Are Europe’s green summer forests a thing of the past? Hot, dry weather is turning trees brown

Temperate forests in central Europe are starting to suffer from early tree browning.
Temperate forests in central Europe are starting to suffer from early tree browning. Copyright Canva
Copyright Canva
By Angela Symons
Share this articleComments
Share this articleClose Button

Last year, 37 per cent of Mediterranean and central European forests were affected by tree browning.


Droughts and heatwaves are causing Europe’s forests to turn brown in the summer months.

Last year, 37 per cent of Mediterranean and central European forests were affected, a new study reveals.

Researchers from ETH Zurich University and the Swiss Federal Institute for Forest, Snow and Landscape Research (WSL) have been examining the phenomenon over the past 21 years.

The results, published in the journal Biogeosciences, show that summer forest browning is spreading across Europe.

What’s behind summer forest browning in Europe?

Using high-resolution satellite data, researchers identified periods where areas of forest were not as green as they should be during summer.

While drought played a central role in the browning of forests, its effects were not immediate.

Researchers noted a “legacy effect” of intense and persistent dry periods, meaning that the ability of trees to survive heat and drought depends not only on the current weather but on that of previous months and years too.

Delving into the history of low-greenness events, researchers identified weather signals that affected trees years down the line.
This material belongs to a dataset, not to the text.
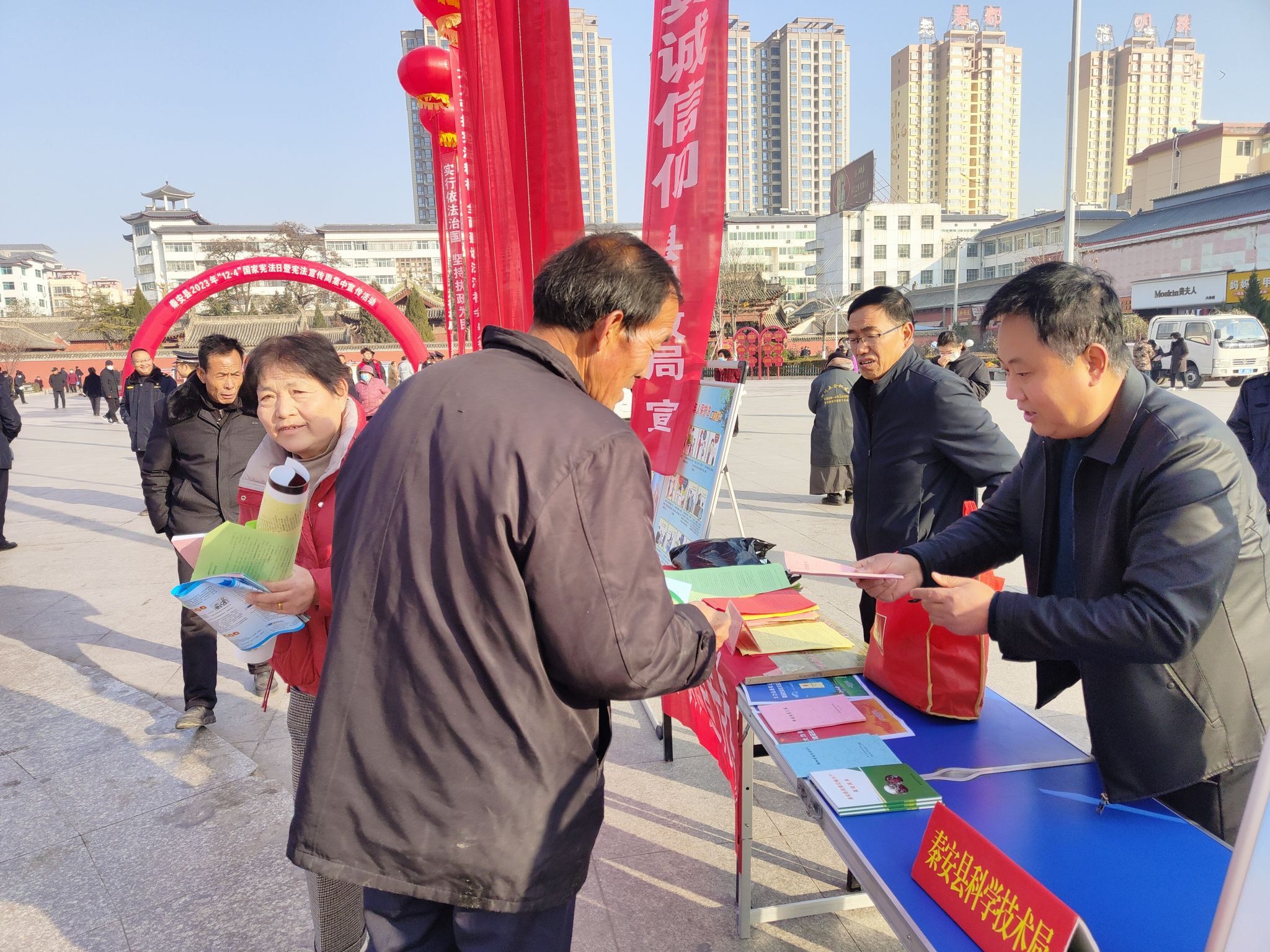 二是开展“宪法宣传周”集中宣传活动。组织单位普法志愿者参加了由县委宣传部、县依法治县办、县司法局牵头组织的宪法集中宣传活动。活动中,通过悬挂宣传标语、置放展板、现场咨询讲解、散发宪法宣传活动资料等,宣传宪法精神、宪法原则,讲解与群众生活相关的法律知识、科普知识,将科普与普法同行,营造全社会浓厚的学法、知法、懂法、守法、用法氛围。

In particular, frequent periods of little rain over the course of two to three years were a precursor for summer browning.

Frequent periods of high temperatures for at least two years in temperate zones also had a significant impact.

“Prior to low forest greenness in central Europe, we usually observed two dry, hot summers in a row,” says Mauro Hermann, ETH doctoral student and lead author of the study.

Drought also fosters bark beetle and fungal infestations, as well as forest fires - all of which may indirectly contribute to browning - the researchers note.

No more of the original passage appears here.